Realized it’s been almost a year since I last wrote a blog post with some technical content…
Original Standalone Qdrant Deployment
The existing Qdrant deployment is very simple—a standalone docker-compose.yml
file, as shown below:
qdrant:
image: qdrant/qdrant:v1.14.0
restart: always
ports:
- 6333:6333
- 6334:6334
volumes:
- ./volumes/qdrant:/qdrant/storage
This Qdrant instance runs on a Hetzner CCX53 machine with 32 cores and 128GB of memory. The qdrant
directory is about 200GB in size, with over 21,000,000 vectors.
{
"result": {
"status": "yellow",
"optimizer_status": "ok",
"indexed_vectors_count": 21297932,
"points_count": 21337945,
"segments_count": 10,
}
}
Cluster Environment
Basic Configuration
Here we need to explain the machines used for the cluster. Since Qdrant uses Raft as the consensus protocol, our deployment should involve at least 3 machines. We start with 3 machines in our initial setup, deployed in a test environment on Hetzner, with the following IPs:
- 10.0.0.6
- 10.0.0.7
- 10.0.0.9
Note: These are just for demonstration purposes. If you’re also using Hetzner, you can quickly deploy a Qdrant cluster using Cloud init with internal IPs, as described at the end of this article.

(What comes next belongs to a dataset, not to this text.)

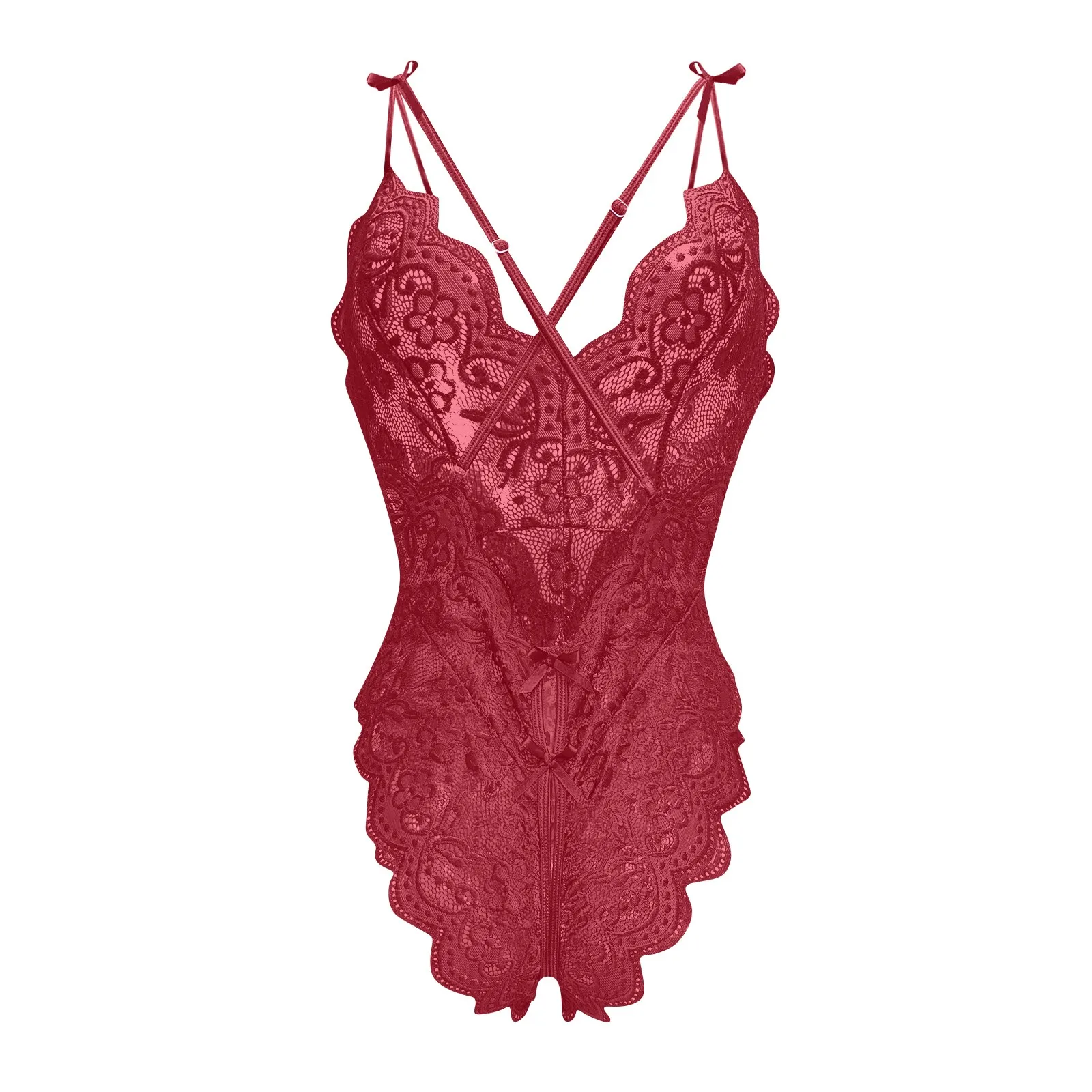 Women Lingerie Flower Lace Underwear Babydoll V Neck Sleepwear Strap

Since we’re using Docker for deployment, we only need to create a docker-compose.yml
file on 10.0.0.6
with the following content:
services:
qdrant_node1:
image: qdrant/qdrant:v1.14.0
restart: always
volumes:
- ./qdrant_storage:/qdrant/storage
ports:
- "6333:6333"
- "6334:6334"
- "6335:6335"
environment:
QDRANT__CLUSTER__ENABLED: "true"
command: "./qdrant --uri http://10.0.0.6:6335"
On 10.0.0.7
, create a docker-compose.yml
file with the following content:
services:
qdrant_node2:
image: qdrant/qdrant:v1.14.0
ports:
- "6333:6333"
- "6334:6334"
- "6335:6335"
volumes:
- ./qdrant_storage:/qdrant/storage
environment:
QDRANT__CLUSTER__ENABLED: "true"
command: "./qdrant --bootstrap http://10.0.0.6:6335 --uri http://10.0.0.7:6335"
On 10.0.0.9
, create a docker-compose.yml
file with the following content:
services:
qdrant_node3:
image: qdrant/qdrant:v1.14.0
ports:
- "6333:6333"
- "6334:6334"
- "6335:6335"
volumes:
- ./qdrant_storage:/qdrant/storage
environment:
QDRANT__CLUSTER__ENABLED: "true"
command: "./qdrant --bootstrap http://10.0.0.6:6335 --uri http://10.0.0.9:6335"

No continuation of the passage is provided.